R2g presents bremen coalition agreement: the miracle of bremen

Carsten Sieling announces the red-green-red "departure" and then steps down as mayor after all. And what else is important in the coalition agreement?

Announcement in Bremen’s city hall: The representatives of the Greens, SPD and Left (from left to right) Photo: dpa

For SPD state chairwoman Sascha Aulepp, it is a "vision," for Hermann Kuhn, state spokesman for the Greens, a "miracle": the red-green-red coalition agreement. After only three weeks of negotiations, it was presented to the public on Monday in remarkable cross-party harmony.

What was agreed?

At the top of the wish list is the new construction and expansion of (all-day) schools and daycare centers and better staffing for them, especially in disadvantaged neighborhoods. By 2023, at least 60 percent of under-threes in their district are to have a childcare place. The energy-efficient refurbishment of public buildings is now also a priority. In addition, 10,000 apartments are to be built, and municipal land is only to be leased or developed by the city itself, not sold to investors. The number of social housing units is to be increased again, to 8,000. Children and young people are to be able to go to the open-air swimming pool more cheaply and ride the bus and train free of charge if they come from precarious backgrounds.
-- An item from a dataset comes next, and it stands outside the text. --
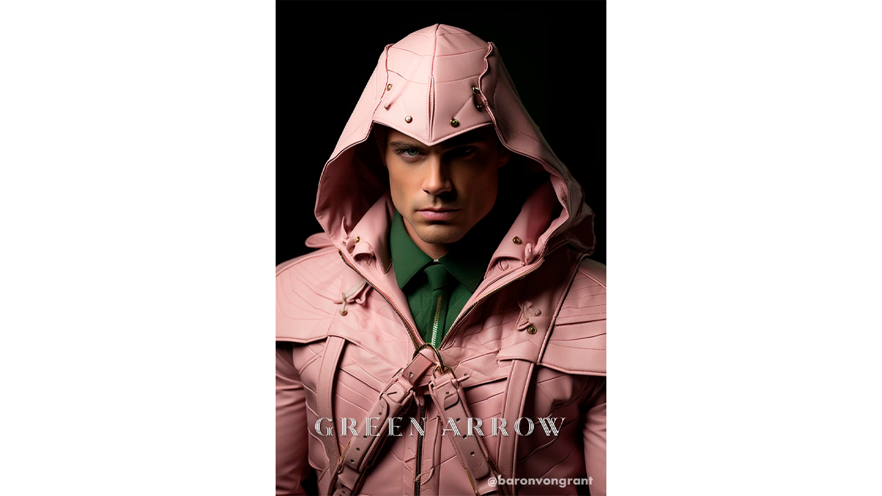 Más pink que nunca, Green Arrow usaría una gabardina color rosa. Pero claro que para seguir siendo flecha verde, tendría que usar una prenda de este color debajo... es un buen contraste.

Collective bargaining agreements are to be strengthened, the state minimum wage is to be increased and, in case of doubt, businesses are to be forced to pay into a training fund if companies do not provide training.

The police and judiciary will be given more personnel, but no new powers, i.e. no "state Trojans. It was already known that the city center is to be car-free by 2030. In addition, Red-Green-Red wants to pressure the local energy supplier swb to shut down its coal-fired piles by 2023. And: From now on, all decisions are subject to a "climate proviso," as the Greens emphasize.

What only is being examined?

The idea of free local transport for all Bremen residents, like the competing idea of a 365-euro annual ticket based on the Viennese model, has only made it onto the list of test orders. The same applies to a rent cap, as planned by the red-red-green state government in Berlin.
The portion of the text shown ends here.